- Exercise goal:
Return each line of the data below verbatim; pictures are to be left out.

- Records contained in a dataset:

^^^^^^^^^^^^^^^^

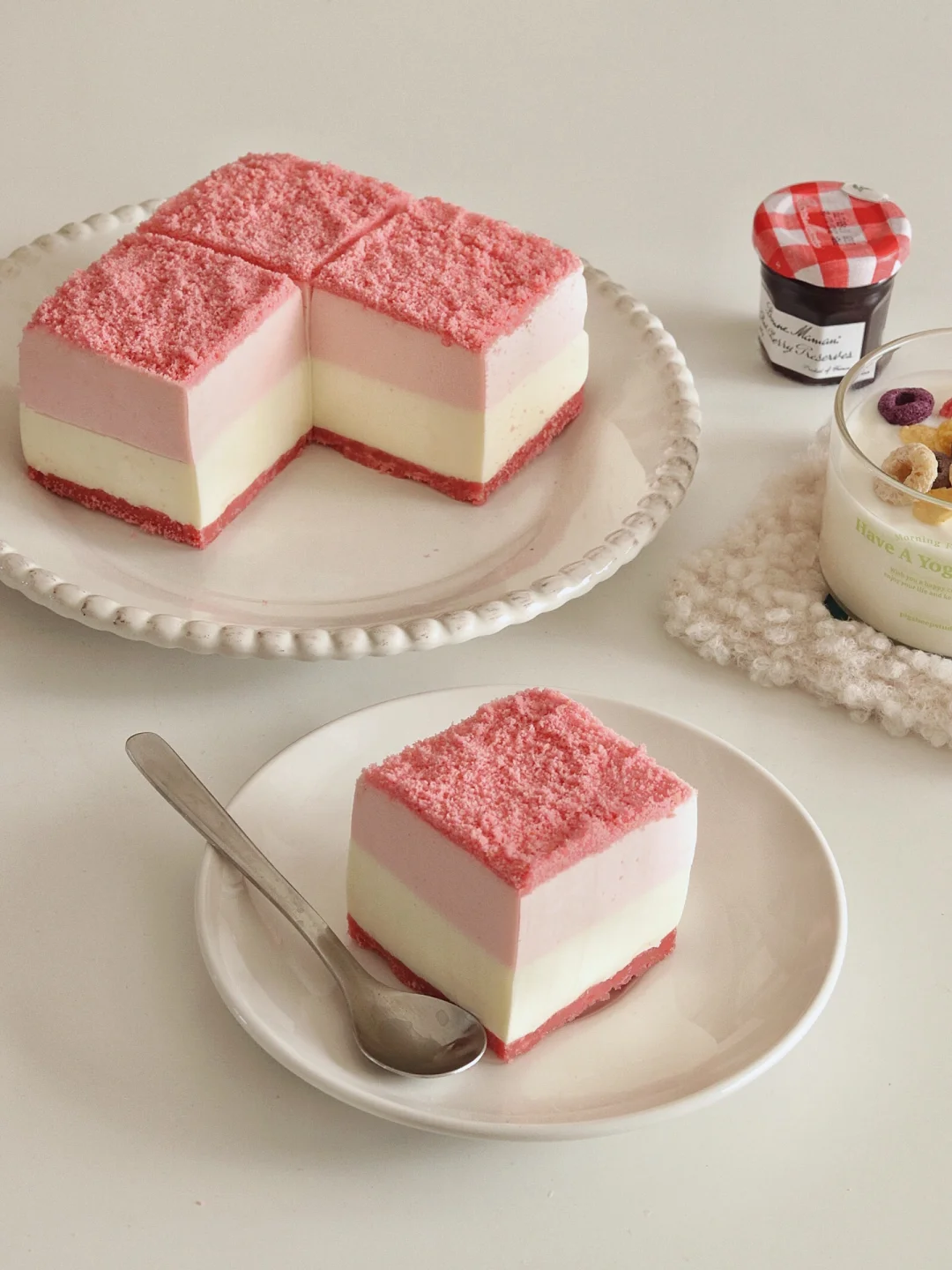 今天安排一款高颜值的酸奶慕斯,粉嫩少女心炸裂~做法简单,搅一搅就能成功哒[两颗心R]
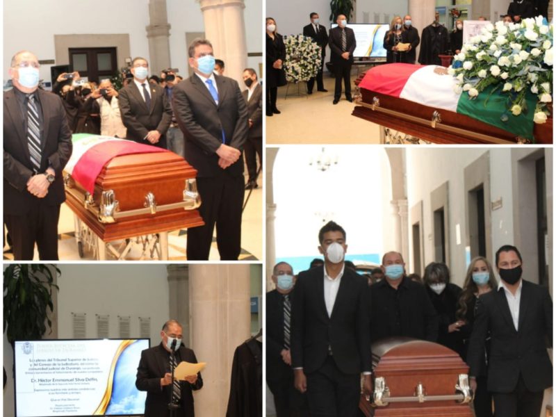 Luego del deceso magistrado Héctor Emmanuel Silva Delfín, el Poder Judicial de Durango rindió homenaje póstumo de cuerpo presente; ahí estuvo presente la hermana del hoy occiso y exdelegada del IMSS en Durango.
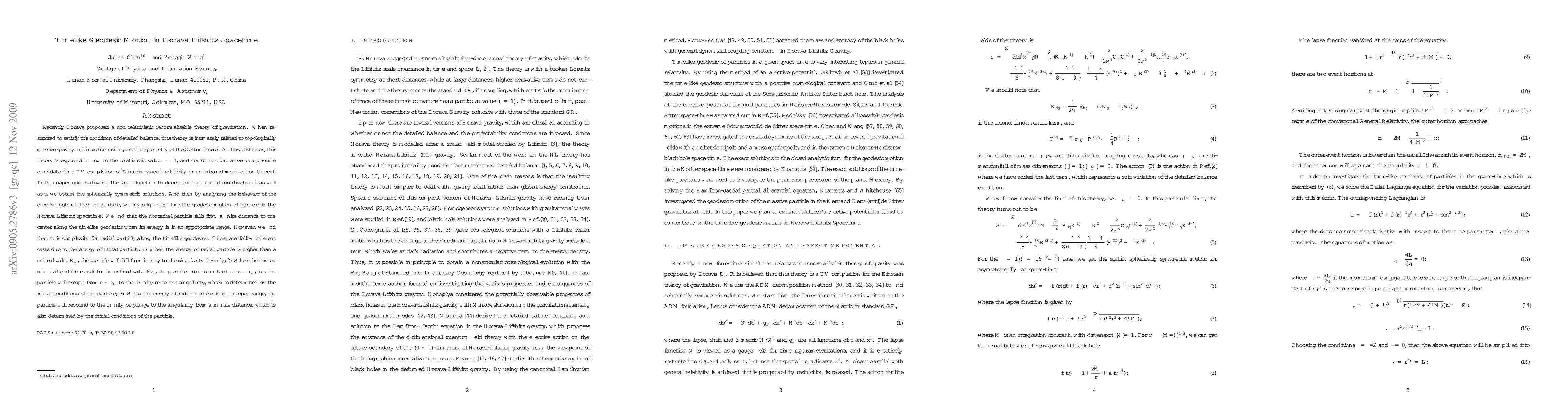 This paper investigates the timelike geodesic motion in Horava-Lifshitz spacetime, finding that nonradial particles fall to the center along geodesics when their energy is within a specific range. For radial particles, outcomes depend on their energy: high energy leads to direct fall to the singularity, equal to critical energy results in unstable orbits, and lower energy allows for rebounding or plunging based on initial conditions.
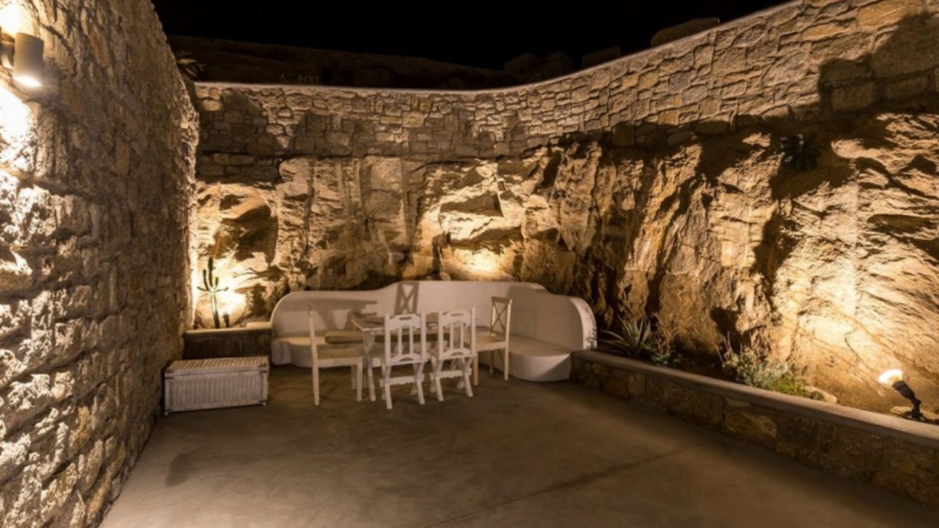 A hillside hideaway in a secluded nearly rural area although close to the town, where you can relax after a long day at the magnificent beaches of the island or a long night in the vivid nightlife. Carved on a hill, 50 m from the coast, in an extraordinary setting framed by beautiful countryside, it blends uniquely in the rocky topography of its hillside, prime and unspoiled, setting.
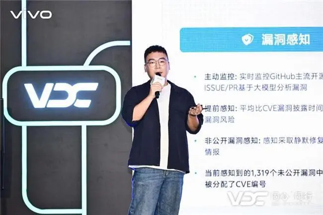 会上,他从端侧轻量级的AI防火墙、CICD 供应链安全、建立针对 Agent 的 Red Team 评估体系、AI内容标识安全、模型体验五方面分享了vivo在可信AI治理的落地实践。同时,他指出vivo积极参与行业AIGC安全标准体系建设,持续为行业标准化贡献力量。vivo主导开展多个标准项目的研究,其中行业首个终端侧大模型安全的标准——《移动智能终端端侧大模型安全实施指南》,已正式在电信终端产业协会发布。vivo将自身在端侧大模型研发中 “埋头打磨” 的技术积累与安全方案,转化为行业首份可参考的安全答卷,推动自研实践升维为行业共识。
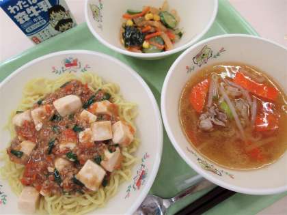 マーボー豆腐は、豆板醤や唐辛子で辛さを調節しますが、給食では、豆板醤の量を控えて辛さを抑えています。ご飯にかけて食べることが多い料理ですが、今日は、焼きそばの麺にかけて食べます。マーボー豆腐は、麺との相性も抜群です。ご家庭でもお試しください。
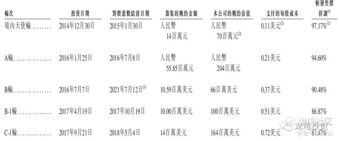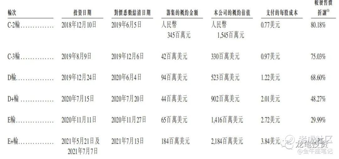 公司于2014年12月30日开始,总共完成了11轮IPO前投资,最后一轮E+轮完成于2021年5月21日及2021年7月7日,完成后估值21.84亿美元,约合171.42亿港元,每股成本3.84美元,约合30.14港元,较发行价折让1.17%,公开发售价基本和一级市场投资者拿货成本价不相上下。IPO前投资者承诺禁售期6个月。

^^^^^^^^^^^^^^^^

- Answer space:
 今天安排一款高颜值的酸奶慕斯,粉嫩少女心炸裂~做法简单,搅一搅就能成功哒[两颗心R]
 Luego del deceso magistrado Héctor Emmanuel Silva Delfín, el Poder Judicial de Durango rindió homenaje póstumo de cuerpo presente; ahí estuvo presente la hermana del hoy occiso y exdelegada del IMSS en Durango.
 This paper investigates the timelike geodesic motion in Horava-Lifshitz spacetime, finding that nonradial particles fall to the center along geodesics when their energy is within a specific range. For radial particles, outcomes depend on their energy: high energy leads to direct fall to the singularity, equal to critical energy results in unstable orbits, and lower energy allows for rebounding or plunging based on initial conditions.
 A hillside hideaway in a secluded nearly rural area although close to the town, where you can relax after a long day at the magnificent beaches of the island or a long night in the vivid nightlife. Carved on a hill, 50 m from the coast, in an extraordinary setting framed by beautiful countryside, it blends uniquely in the rocky topography of its hillside, prime and unspoiled, setting.
 会上,他从端侧轻量级的AI防火墙、CICD 供应链安全、建立针对 Agent 的 Red Team 评估体系、AI内容标识安全、模型体验五方面分享了vivo在可信AI治理的落地实践。同时,他指出vivo积极参与行业AIGC安全标准体系建设,持续为行业标准化贡献力量。vivo主导开展多个标准项目的研究,其中行业首个终端侧大模型安全的标准——《移动智能终端端侧大模型安全实施指南》,已正式在电信终端产业协会发布。vivo将自身在端侧大模型研发中 “埋头打磨” 的技术积累与安全方案,转化为行业首份可参考的安全答卷,推动自研实践升维为行业共识。
 マーボー豆腐は、豆板醤や唐辛子で辛さを調節しますが、給食では、豆板醤の量を控えて辛さを抑えています。ご飯にかけて食べることが多い料理ですが、今日は、焼きそばの麺にかけて食べます。マーボー豆腐は、麺との相性も抜群です。ご家庭でもお試しください。
 公司于2014年12月30日开始,总共完成了11轮IPO前投资,最后一轮E+轮完成于2021年5月21日及2021年7月7日,完成后估值21.84亿美元,约合171.42亿港元,每股成本3.84美元,约合30.14港元,较发行价折让1.17%,公开发售价基本和一级市场投资者拿货成本价不相上下。IPO前投资者承诺禁售期6个月。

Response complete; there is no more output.